GIVEN RECORDS section start

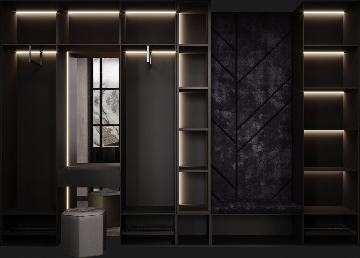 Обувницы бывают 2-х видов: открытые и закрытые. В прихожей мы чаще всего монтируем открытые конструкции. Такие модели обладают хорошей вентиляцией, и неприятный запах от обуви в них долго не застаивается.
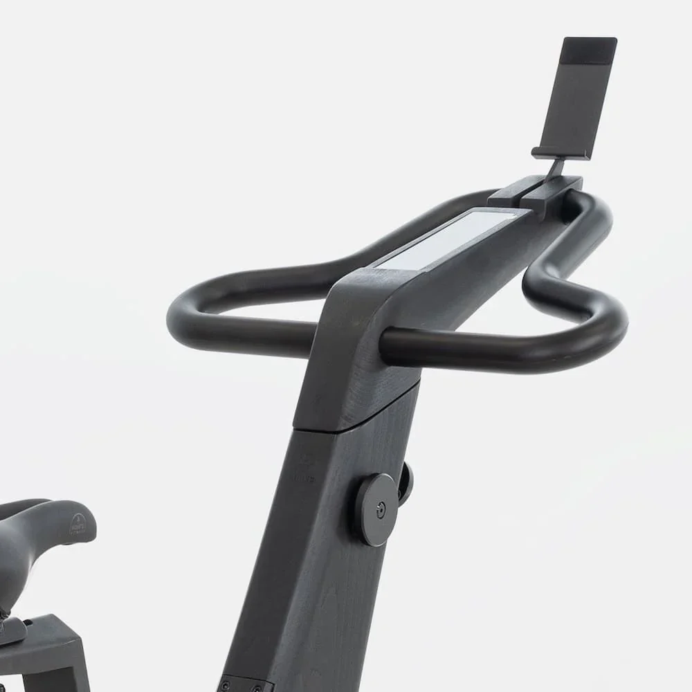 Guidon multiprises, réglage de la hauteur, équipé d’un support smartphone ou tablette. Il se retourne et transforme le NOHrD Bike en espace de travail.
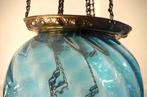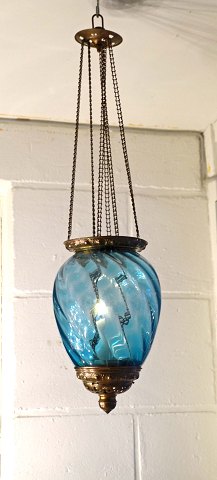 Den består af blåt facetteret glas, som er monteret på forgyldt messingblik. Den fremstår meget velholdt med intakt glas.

GIVEN RECORDS section end
GIVEN RECORDS section start

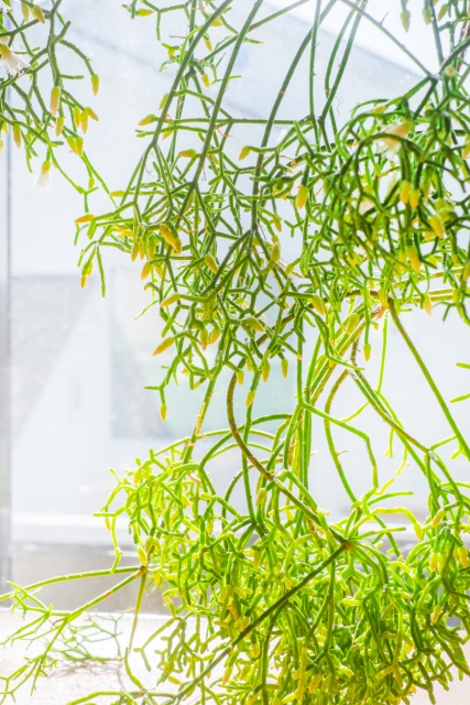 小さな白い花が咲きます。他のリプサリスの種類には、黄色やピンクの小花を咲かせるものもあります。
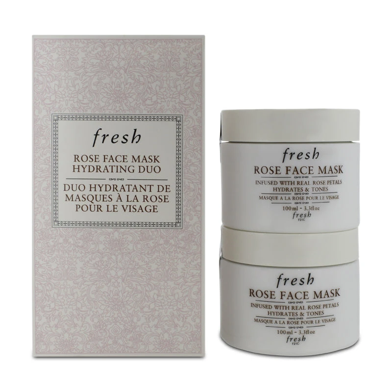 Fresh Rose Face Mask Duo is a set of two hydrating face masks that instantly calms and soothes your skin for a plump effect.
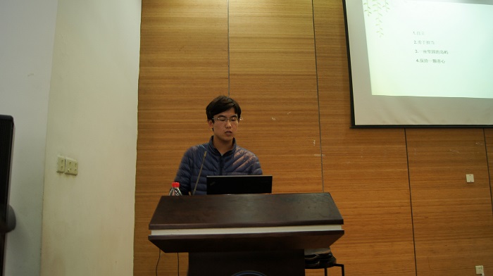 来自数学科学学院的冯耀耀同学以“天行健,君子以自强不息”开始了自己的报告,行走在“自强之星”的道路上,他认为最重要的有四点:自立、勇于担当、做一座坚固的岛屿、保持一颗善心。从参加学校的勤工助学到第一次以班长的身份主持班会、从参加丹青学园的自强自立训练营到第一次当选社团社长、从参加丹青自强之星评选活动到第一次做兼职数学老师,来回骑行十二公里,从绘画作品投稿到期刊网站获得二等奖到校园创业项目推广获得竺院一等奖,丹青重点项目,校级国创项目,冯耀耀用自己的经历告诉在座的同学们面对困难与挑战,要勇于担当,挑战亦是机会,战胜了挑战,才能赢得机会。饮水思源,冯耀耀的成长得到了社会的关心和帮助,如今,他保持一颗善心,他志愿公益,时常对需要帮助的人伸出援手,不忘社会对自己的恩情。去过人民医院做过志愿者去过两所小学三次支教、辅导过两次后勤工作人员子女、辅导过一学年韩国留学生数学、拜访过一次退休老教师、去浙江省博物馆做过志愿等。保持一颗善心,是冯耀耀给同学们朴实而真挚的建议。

GIVEN RECORDS section end
GIVEN RECORDS section start

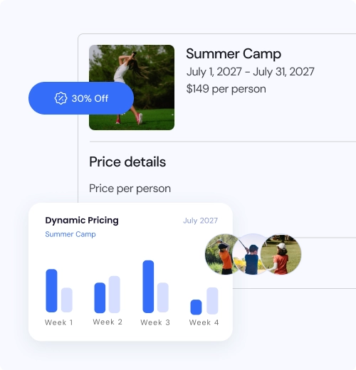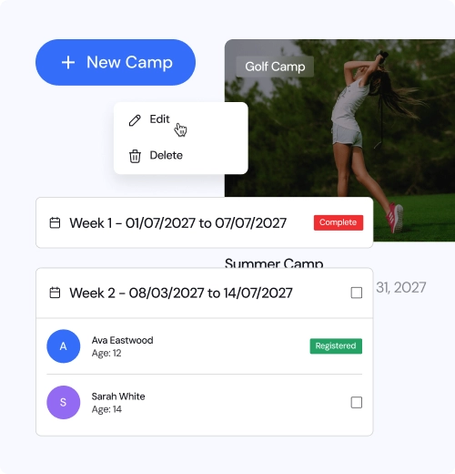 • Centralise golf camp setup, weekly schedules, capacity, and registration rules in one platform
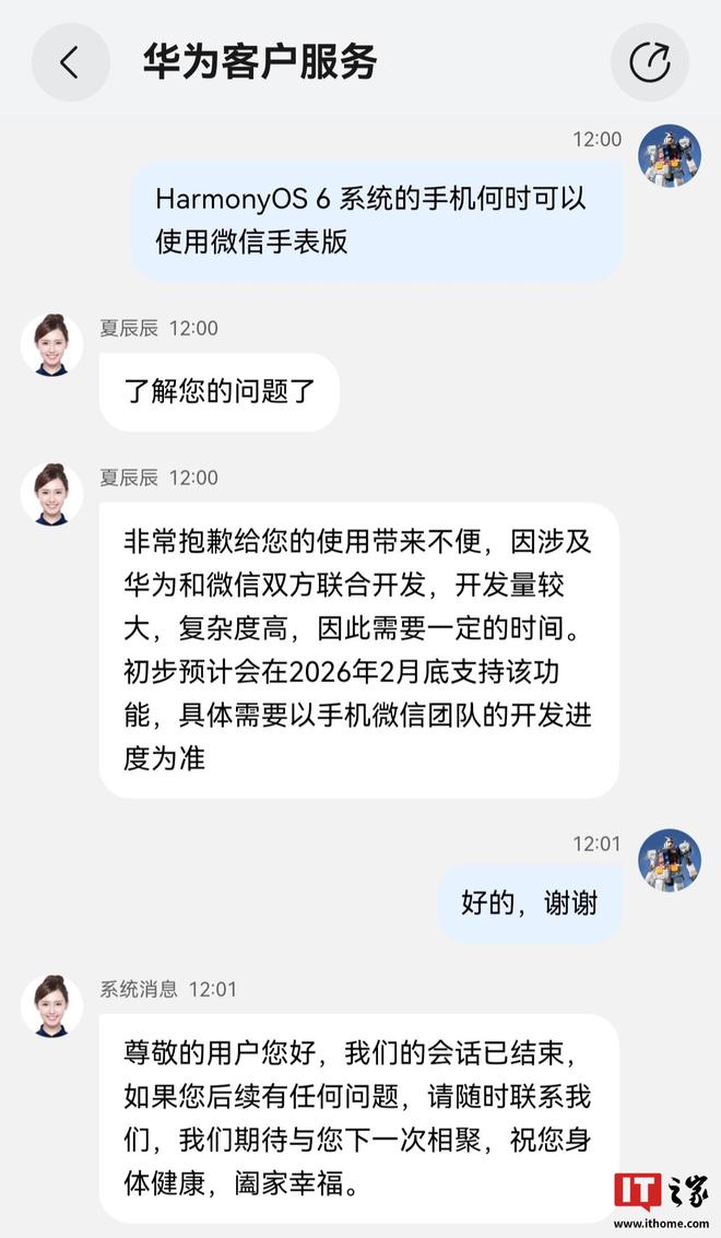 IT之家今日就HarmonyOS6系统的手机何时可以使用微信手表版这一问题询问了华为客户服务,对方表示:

GIVEN RECORDS section end

Only the lines above from the one with "Обувницы бывают 2-х" to the one with "Den består af" should be printed, both included and exactly as written; no picture belongs in the copy.

_ANSWER SPACE_
 Обувницы бывают 2-х видов: открытые и закрытые. В прихожей мы чаще всего монтируем открытые конструкции. Такие модели обладают хорошей вентиляцией, и неприятный запах от обуви в них долго не застаивается.
 Guidon multiprises, réglage de la hauteur, équipé d’un support smartphone ou tablette. Il se retourne et transforme le NOHrD Bike en espace de travail.
 Den består af blåt facetteret glas, som er monteret på forgyldt messingblik. Den fremstår meget velholdt med intakt glas.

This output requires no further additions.